THE RECORDS -
---+---

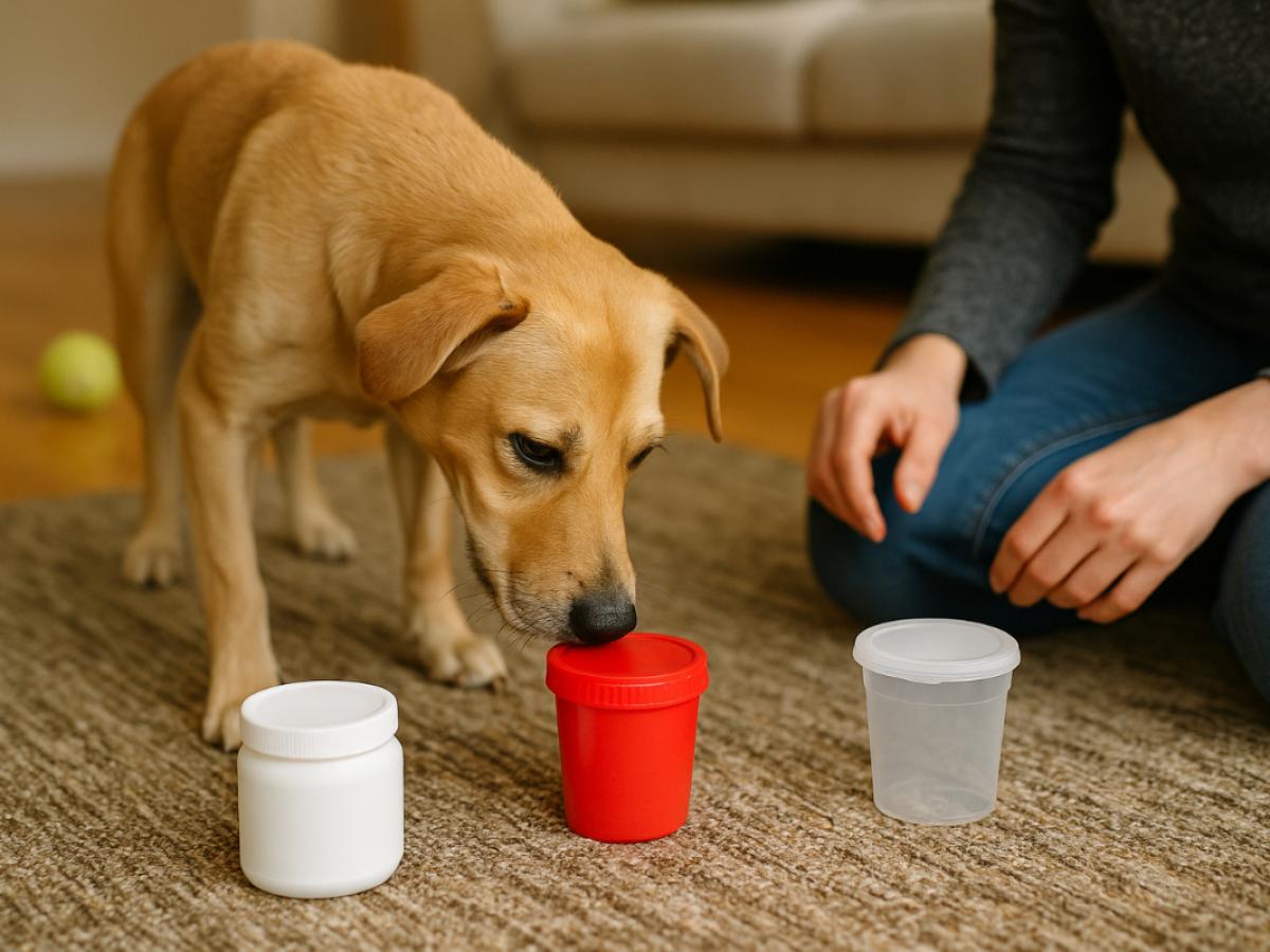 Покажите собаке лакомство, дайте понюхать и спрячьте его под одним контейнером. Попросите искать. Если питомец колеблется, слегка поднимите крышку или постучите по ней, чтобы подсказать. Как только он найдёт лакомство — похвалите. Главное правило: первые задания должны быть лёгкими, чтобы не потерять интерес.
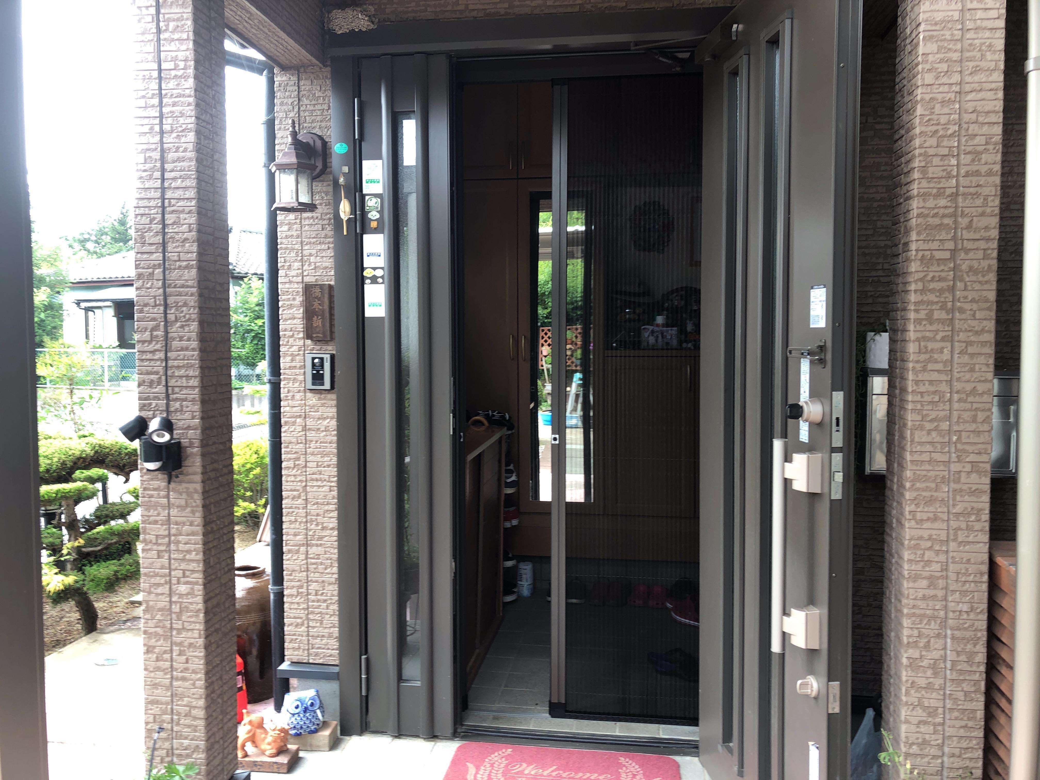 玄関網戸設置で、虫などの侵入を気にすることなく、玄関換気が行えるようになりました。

---+---

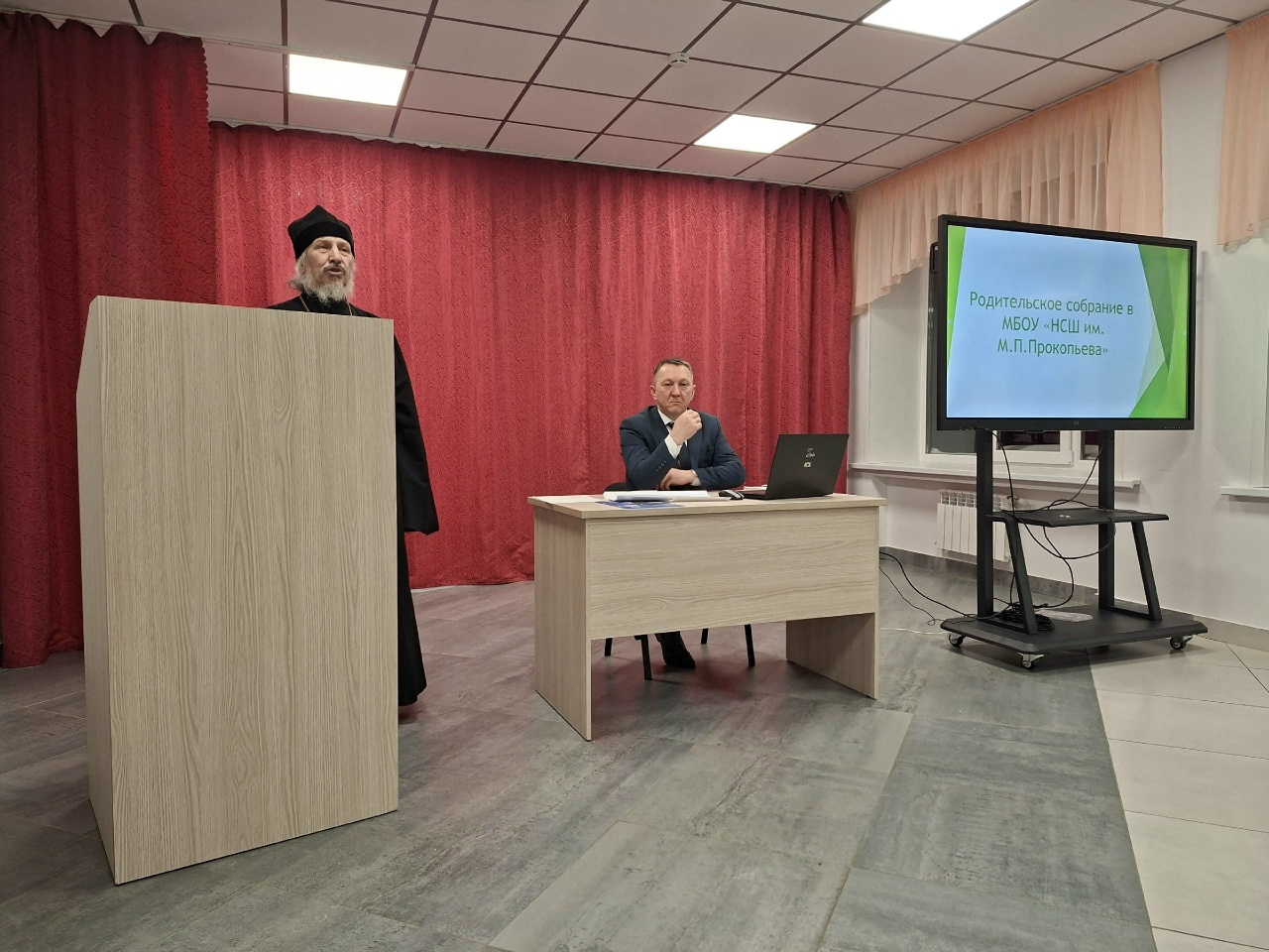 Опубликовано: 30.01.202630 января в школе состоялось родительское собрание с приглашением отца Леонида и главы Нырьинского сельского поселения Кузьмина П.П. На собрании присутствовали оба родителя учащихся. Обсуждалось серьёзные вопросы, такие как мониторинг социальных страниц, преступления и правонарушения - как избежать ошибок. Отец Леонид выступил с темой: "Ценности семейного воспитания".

---+---

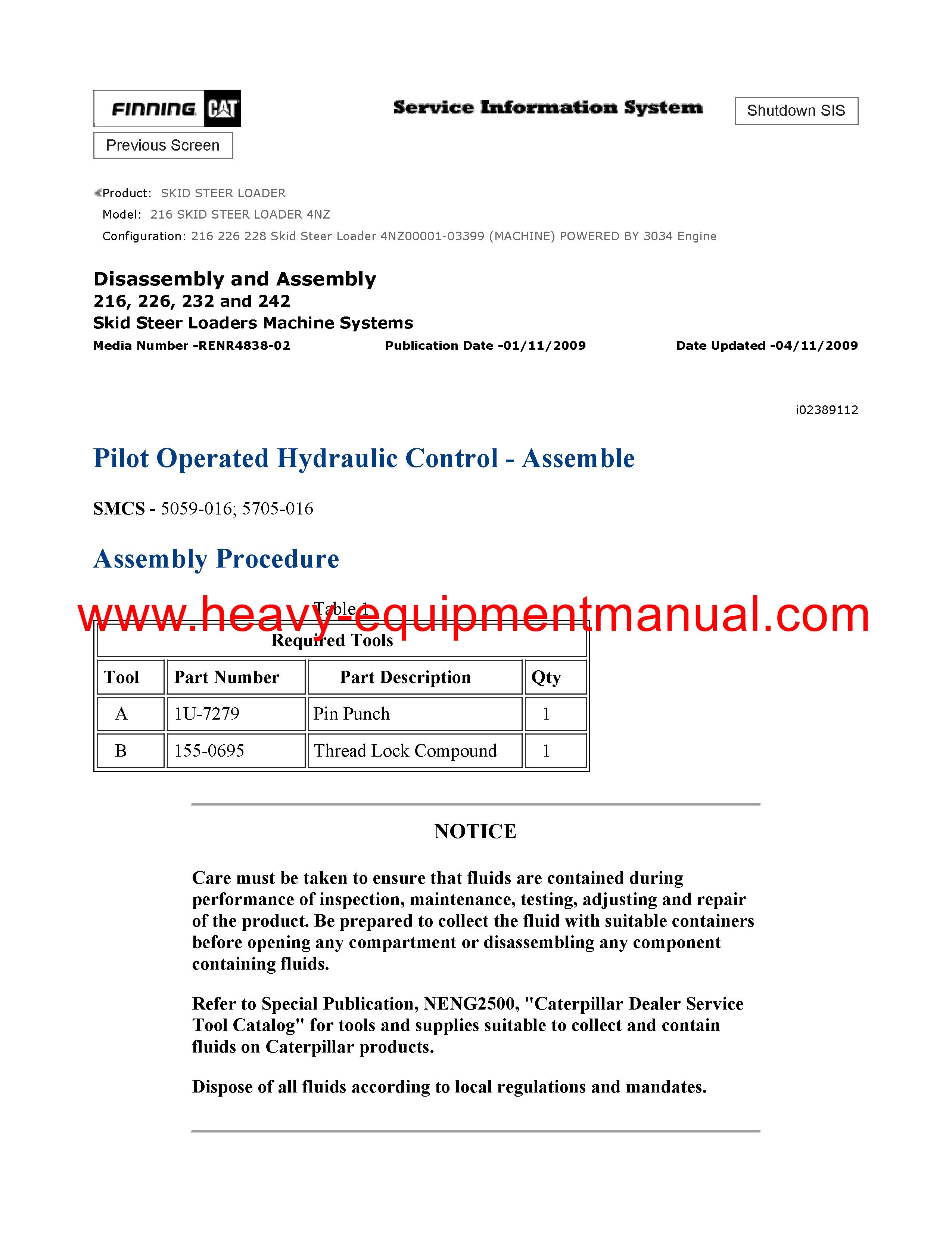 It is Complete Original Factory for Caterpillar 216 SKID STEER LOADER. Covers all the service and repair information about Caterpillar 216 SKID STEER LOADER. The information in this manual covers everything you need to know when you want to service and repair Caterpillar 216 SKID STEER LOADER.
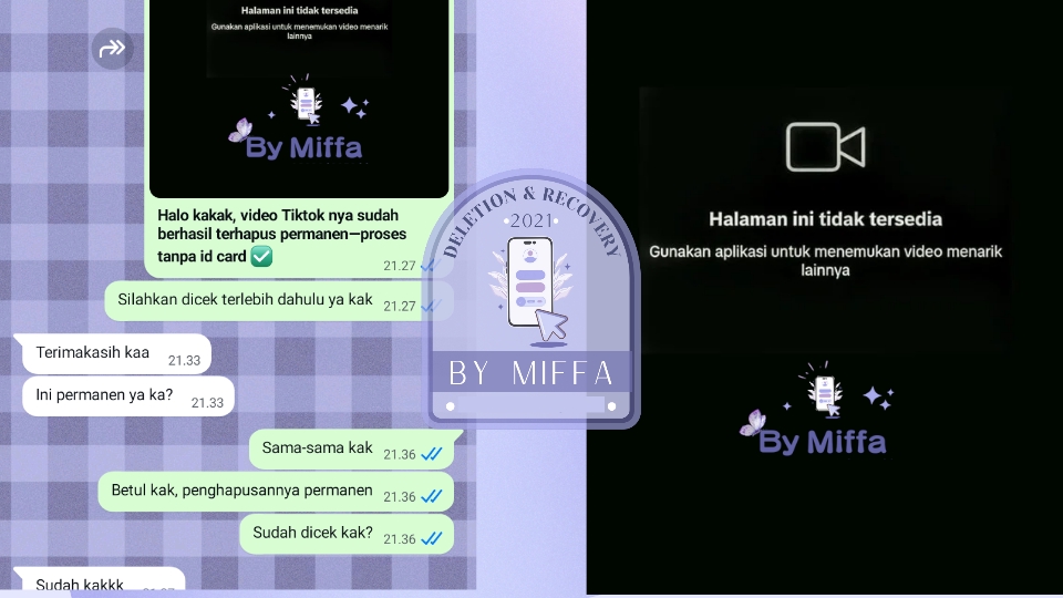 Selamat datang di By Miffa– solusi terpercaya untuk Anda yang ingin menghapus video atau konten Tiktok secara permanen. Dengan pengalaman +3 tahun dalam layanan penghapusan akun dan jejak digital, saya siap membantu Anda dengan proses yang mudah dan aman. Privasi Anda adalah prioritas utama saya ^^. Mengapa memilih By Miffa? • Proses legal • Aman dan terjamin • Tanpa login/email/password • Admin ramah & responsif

---+---

Only one part of the listing is wanted: the lines from the one containing "Покажите собаке лакомство, дайте" through the one containing "玄関網戸設置で、虫などの侵入", both included. Please transcribe it exactly, leaving out the pictures.

 Покажите собаке лакомство, дайте понюхать и спрячьте его под одним контейнером. Попросите искать. Если питомец колеблется, слегка поднимите крышку или постучите по ней, чтобы подсказать. Как только он найдёт лакомство — похвалите. Главное правило: первые задания должны быть лёгкими, чтобы не потерять интерес.
 玄関網戸設置で、虫などの侵入を気にすることなく、玄関換気が行えるようになりました。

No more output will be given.